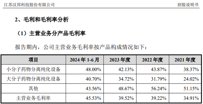 但另一方面招股书也披露,得益于下游生物医药行业旺盛的市场需求和公司多元化产品竞争力的提升,公司主营业务毛利率呈上升态势,2024上半年毛利率为45.53%,比2023年还增加了6个百分点。
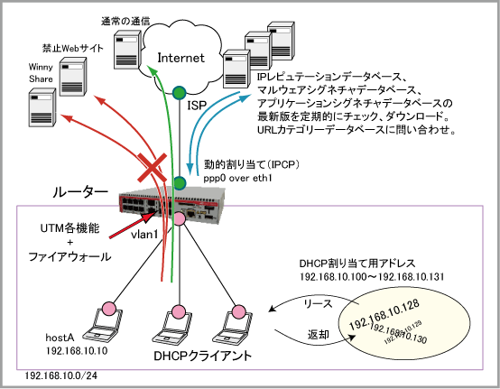 NoteIPレピュテーション(IPアドレスブラックリスト)、マルウェアプロテクション(ストリーム型アンチウイルス)、アプリケーションコントロール(DPI)、Webコントロール(URLフィルタリング)の各機能はAT-AR2050Vでは使用できません。
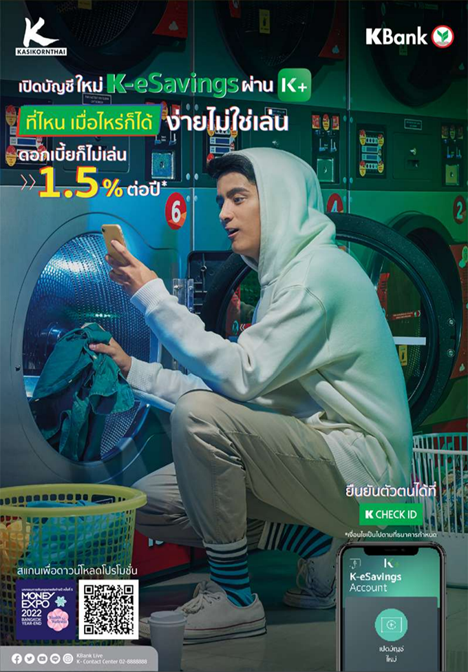 บัญชี K -eSavings : เปิดบัญชีผ่าน KPLUS เปิดบัญชีง่าย รับดอกเบี้ยสูง 1.50% ต่อปี*

++++

### PROMPT
Return all of the lines above without alteration, minus the pictures.

### RESULT
 但另一方面招股书也披露,得益于下游生物医药行业旺盛的市场需求和公司多元化产品竞争力的提升,公司主营业务毛利率呈上升态势,2024上半年毛利率为45.53%,比2023年还增加了6个百分点。
 NoteIPレピュテーション(IPアドレスブラックリスト)、マルウェアプロテクション(ストリーム型アンチウイルス)、アプリケーションコントロール(DPI)、Webコントロール(URLフィルタリング)の各機能はAT-AR2050Vでは使用できません。
 บัญชี K -eSavings : เปิดบัญชีผ่าน KPLUS เปิดบัญชีง่าย รับดอกเบี้ยสูง 1.50% ต่อปี*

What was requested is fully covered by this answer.